About the artist: The funniest man in folk, Martin has the ability to point out the absurd in everyday situations, and to bring the pompous down to earth.
CD Review by Greg Barnett
In all honesty, I’m quite ignorant of the current folk scene, so I had to Google Martin Pearson … and, even then, there were precious few references to him and his output.
Apparently, he performs at every major folk music festival and folk venue in the country and he can fill the largest venues of the National Folk Festival.

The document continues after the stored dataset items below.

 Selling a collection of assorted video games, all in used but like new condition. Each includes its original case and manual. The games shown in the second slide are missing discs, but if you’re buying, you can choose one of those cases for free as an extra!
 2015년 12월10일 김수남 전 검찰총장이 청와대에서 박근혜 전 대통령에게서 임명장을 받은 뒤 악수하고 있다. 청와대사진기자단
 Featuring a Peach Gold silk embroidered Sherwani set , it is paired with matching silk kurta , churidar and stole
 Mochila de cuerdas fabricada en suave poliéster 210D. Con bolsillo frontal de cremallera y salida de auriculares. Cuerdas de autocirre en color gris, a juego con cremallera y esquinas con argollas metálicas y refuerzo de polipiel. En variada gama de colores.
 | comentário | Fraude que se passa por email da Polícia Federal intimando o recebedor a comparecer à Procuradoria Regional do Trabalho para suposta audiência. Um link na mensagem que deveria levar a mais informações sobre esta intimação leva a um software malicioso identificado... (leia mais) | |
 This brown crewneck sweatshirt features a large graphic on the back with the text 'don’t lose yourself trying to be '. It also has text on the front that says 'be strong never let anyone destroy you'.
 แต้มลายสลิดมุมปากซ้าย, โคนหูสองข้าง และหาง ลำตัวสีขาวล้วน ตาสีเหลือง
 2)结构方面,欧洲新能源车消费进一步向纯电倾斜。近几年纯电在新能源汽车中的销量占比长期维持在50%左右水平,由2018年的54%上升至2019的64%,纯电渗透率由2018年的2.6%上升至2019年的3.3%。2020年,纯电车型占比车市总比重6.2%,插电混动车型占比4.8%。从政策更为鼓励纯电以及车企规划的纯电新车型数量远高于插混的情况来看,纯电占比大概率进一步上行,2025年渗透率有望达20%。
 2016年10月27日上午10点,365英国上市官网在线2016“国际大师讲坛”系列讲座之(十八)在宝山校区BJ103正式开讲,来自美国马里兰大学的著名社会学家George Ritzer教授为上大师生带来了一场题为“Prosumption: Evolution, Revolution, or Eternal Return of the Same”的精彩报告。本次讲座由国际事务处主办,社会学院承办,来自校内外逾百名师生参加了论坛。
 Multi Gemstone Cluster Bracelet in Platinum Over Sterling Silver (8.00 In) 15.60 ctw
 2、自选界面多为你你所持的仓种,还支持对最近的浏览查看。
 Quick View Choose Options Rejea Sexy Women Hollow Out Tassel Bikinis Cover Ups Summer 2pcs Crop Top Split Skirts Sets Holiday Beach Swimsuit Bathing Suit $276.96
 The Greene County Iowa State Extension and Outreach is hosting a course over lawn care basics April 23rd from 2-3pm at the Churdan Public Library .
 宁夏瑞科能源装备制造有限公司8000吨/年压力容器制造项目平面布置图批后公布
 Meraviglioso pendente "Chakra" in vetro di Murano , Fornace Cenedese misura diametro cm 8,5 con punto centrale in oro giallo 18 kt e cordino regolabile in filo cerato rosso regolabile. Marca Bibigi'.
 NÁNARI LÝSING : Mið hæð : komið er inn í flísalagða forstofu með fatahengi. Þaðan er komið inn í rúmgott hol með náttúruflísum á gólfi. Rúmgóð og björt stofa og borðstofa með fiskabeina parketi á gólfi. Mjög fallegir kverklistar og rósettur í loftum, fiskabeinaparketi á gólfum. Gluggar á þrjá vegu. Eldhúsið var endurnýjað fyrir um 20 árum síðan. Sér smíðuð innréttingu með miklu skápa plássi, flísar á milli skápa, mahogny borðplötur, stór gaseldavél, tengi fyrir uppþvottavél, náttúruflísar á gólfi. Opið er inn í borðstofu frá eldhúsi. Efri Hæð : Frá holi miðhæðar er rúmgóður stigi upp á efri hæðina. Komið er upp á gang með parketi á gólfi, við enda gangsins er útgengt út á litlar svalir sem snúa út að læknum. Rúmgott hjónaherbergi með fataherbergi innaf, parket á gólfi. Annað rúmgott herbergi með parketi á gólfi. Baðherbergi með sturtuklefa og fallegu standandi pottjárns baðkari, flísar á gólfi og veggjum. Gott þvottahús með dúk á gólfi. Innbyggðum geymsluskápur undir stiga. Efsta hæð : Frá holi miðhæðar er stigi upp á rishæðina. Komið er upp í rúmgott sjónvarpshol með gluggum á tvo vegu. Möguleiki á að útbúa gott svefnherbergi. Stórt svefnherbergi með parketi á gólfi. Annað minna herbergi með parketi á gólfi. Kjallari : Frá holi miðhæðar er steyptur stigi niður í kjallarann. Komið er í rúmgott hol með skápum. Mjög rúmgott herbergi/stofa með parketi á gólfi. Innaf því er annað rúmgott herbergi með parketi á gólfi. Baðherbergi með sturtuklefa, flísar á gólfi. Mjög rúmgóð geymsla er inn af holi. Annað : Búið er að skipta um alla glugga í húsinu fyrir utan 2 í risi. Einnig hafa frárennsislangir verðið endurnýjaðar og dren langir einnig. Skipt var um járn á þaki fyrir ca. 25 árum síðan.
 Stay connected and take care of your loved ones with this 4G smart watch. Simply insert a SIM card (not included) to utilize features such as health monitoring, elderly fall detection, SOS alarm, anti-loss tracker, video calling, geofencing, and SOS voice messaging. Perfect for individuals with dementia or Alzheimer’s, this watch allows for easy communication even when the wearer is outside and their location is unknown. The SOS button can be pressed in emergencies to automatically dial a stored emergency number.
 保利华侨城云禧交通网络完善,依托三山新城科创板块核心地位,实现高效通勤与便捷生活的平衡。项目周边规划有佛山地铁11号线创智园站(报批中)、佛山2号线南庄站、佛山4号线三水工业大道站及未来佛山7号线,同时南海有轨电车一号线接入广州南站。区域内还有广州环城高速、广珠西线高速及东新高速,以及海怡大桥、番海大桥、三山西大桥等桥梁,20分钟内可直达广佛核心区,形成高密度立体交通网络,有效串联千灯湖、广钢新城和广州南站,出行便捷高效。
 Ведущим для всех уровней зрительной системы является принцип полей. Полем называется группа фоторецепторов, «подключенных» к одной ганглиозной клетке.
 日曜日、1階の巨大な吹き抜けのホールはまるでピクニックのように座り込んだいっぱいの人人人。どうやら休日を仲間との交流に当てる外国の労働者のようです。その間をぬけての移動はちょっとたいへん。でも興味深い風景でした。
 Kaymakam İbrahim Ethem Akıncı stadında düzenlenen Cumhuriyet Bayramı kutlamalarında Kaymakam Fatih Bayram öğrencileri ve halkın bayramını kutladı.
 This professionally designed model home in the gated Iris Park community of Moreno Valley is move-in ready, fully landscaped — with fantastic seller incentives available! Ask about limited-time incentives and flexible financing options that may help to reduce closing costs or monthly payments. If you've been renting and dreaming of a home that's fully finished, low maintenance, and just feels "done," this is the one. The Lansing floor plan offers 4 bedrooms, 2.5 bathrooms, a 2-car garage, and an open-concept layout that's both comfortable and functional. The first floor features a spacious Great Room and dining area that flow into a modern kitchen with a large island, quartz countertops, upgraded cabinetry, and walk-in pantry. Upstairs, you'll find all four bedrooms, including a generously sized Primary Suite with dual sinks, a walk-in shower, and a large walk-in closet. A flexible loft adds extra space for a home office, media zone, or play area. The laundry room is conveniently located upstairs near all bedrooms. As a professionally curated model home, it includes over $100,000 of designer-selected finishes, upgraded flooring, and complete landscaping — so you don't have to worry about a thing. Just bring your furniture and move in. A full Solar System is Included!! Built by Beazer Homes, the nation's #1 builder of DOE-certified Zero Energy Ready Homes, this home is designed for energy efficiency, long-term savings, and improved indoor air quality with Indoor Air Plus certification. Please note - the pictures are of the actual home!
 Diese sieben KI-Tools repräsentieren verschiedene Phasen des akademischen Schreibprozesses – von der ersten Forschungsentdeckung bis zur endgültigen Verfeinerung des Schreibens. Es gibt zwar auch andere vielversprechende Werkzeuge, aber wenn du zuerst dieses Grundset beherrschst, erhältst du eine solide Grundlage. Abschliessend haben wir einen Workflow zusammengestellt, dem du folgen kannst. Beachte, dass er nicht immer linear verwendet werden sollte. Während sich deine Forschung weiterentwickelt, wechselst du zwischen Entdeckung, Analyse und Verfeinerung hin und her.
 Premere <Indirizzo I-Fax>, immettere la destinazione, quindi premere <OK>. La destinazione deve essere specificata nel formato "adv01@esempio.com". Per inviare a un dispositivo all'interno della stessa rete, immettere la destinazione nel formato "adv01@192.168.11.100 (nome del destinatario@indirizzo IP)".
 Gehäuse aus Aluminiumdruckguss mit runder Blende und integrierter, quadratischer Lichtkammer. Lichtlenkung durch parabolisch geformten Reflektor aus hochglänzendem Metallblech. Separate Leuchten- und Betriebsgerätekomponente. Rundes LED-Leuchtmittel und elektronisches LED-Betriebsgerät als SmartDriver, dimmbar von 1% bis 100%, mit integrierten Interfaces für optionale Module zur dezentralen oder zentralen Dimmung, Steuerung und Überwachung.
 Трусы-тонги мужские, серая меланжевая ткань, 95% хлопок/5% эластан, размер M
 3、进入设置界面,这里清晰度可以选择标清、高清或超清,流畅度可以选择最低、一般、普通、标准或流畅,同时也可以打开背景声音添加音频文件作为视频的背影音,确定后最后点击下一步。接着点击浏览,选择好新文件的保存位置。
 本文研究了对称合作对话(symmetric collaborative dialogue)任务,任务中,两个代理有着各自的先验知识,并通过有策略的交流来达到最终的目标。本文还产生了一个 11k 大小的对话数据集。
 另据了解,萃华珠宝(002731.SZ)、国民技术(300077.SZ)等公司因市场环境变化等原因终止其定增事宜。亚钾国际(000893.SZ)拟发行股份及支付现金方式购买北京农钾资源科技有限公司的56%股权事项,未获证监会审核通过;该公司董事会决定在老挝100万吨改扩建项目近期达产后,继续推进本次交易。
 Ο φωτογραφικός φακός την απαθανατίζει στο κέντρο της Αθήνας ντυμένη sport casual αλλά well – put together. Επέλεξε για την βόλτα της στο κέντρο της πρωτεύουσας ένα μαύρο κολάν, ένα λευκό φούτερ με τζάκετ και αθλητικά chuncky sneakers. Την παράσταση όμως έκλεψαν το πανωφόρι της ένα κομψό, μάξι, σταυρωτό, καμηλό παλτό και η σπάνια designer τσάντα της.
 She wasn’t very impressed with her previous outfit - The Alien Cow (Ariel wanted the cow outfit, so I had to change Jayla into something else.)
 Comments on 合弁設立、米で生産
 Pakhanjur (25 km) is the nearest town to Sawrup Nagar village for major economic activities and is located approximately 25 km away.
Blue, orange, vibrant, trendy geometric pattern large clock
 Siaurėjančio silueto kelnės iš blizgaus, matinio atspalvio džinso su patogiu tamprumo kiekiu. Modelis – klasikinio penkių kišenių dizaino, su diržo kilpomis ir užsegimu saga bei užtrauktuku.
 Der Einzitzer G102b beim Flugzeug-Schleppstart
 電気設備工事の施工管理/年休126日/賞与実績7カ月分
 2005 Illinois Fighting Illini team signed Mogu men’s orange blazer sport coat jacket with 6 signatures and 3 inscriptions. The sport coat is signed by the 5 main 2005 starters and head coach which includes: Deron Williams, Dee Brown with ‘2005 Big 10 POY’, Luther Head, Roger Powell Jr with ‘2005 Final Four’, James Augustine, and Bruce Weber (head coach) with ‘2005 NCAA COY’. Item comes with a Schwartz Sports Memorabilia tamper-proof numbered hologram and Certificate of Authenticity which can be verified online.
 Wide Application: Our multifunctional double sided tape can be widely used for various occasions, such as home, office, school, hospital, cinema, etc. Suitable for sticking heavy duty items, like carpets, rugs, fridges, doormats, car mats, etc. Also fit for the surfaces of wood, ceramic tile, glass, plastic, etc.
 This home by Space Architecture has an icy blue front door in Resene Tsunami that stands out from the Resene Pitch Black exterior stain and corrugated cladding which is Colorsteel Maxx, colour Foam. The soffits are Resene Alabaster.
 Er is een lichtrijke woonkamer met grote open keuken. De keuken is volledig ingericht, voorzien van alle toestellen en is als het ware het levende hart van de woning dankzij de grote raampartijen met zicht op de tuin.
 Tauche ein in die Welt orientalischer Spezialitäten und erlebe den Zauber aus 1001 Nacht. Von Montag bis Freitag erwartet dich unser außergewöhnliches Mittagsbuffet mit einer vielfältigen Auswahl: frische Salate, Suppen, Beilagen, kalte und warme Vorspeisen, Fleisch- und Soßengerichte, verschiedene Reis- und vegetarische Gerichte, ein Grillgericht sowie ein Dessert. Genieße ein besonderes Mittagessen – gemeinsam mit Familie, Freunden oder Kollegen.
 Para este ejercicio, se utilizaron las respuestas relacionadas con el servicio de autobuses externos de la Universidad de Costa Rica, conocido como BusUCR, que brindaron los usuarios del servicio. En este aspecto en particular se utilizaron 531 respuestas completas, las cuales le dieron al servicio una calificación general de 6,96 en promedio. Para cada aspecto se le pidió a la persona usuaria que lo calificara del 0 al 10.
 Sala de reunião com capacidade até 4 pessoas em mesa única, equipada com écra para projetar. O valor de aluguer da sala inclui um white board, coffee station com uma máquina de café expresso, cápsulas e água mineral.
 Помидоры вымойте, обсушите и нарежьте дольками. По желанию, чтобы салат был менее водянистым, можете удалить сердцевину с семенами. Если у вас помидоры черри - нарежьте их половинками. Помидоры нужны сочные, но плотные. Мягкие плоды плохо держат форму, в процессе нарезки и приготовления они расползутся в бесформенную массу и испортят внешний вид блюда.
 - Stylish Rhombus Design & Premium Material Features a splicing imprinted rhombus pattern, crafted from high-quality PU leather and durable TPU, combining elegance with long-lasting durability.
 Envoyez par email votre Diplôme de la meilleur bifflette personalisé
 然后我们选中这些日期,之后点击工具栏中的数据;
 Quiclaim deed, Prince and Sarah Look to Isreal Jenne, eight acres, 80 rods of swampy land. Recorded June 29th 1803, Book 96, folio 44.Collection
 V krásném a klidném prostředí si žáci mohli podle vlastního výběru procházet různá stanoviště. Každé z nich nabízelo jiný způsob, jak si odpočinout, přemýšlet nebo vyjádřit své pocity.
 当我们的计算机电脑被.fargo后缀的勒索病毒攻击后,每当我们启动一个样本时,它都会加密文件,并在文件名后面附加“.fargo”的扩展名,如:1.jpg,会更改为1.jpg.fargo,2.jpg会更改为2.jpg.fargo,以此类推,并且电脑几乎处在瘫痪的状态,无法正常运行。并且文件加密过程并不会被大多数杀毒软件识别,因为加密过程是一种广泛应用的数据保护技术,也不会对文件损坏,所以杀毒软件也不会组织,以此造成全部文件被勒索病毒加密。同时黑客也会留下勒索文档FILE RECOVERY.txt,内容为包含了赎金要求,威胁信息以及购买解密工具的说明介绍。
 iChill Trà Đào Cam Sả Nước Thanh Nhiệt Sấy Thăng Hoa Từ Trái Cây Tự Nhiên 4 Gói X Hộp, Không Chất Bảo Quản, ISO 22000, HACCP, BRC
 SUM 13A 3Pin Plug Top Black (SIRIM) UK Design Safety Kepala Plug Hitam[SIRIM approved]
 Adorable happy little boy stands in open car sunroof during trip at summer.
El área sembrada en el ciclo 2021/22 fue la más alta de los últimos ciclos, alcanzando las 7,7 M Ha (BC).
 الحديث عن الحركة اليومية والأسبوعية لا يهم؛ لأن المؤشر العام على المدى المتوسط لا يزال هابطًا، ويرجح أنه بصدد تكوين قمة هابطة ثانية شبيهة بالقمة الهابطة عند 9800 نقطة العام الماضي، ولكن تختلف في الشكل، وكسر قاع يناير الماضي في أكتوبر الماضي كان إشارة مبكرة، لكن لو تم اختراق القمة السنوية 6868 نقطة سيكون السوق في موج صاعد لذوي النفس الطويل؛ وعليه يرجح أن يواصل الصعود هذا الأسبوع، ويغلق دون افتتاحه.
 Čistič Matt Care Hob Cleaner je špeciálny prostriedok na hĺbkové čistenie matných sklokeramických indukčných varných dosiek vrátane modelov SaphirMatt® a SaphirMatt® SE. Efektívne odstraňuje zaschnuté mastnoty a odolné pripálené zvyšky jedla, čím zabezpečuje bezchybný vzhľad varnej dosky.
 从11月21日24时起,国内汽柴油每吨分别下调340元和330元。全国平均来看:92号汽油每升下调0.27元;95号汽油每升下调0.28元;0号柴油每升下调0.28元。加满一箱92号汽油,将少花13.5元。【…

Not young enough to be up-and-coming and not quite old enough to be a legend, he describes himself as a folk-singer out of sheer bloody-mindedness, and will crash-tackle anyone who describes him as eclectic.
The most common epithet I found was that of ‘comedian/satirist’, and yet the first two tracks on this album were stunningly reminiscent of classic Ralph McTell, gorgeous guitar playing, rich velvet voice, and melodies/lyrics that can rip at your heart.
Arrangements are tasteful and varied, but always musical.
There are eleven contributors covering additional vocals, guitars, bass, accordion, fiddle and percussion.
Tracks 3, 5, 8, 9, 13 are live comedy bits which, in my opinion, would sit better in a comedy-specific album.
Their change of atmosphere and mediocre recording quality is quite jarring and each time pulled me out of the contemplative and appreciative mood that the seriousness, melancholic and well-arranged/recorded songs had created.
The CD sleeve unfortunately does not provide any writers’ credits, although Track 14 is a quality cover of Leonard Cohen’s “Hallelujah”.
14 tracks and 61:06 playing time. Jewel case. 4-pp cover with statement, tracks list and credits.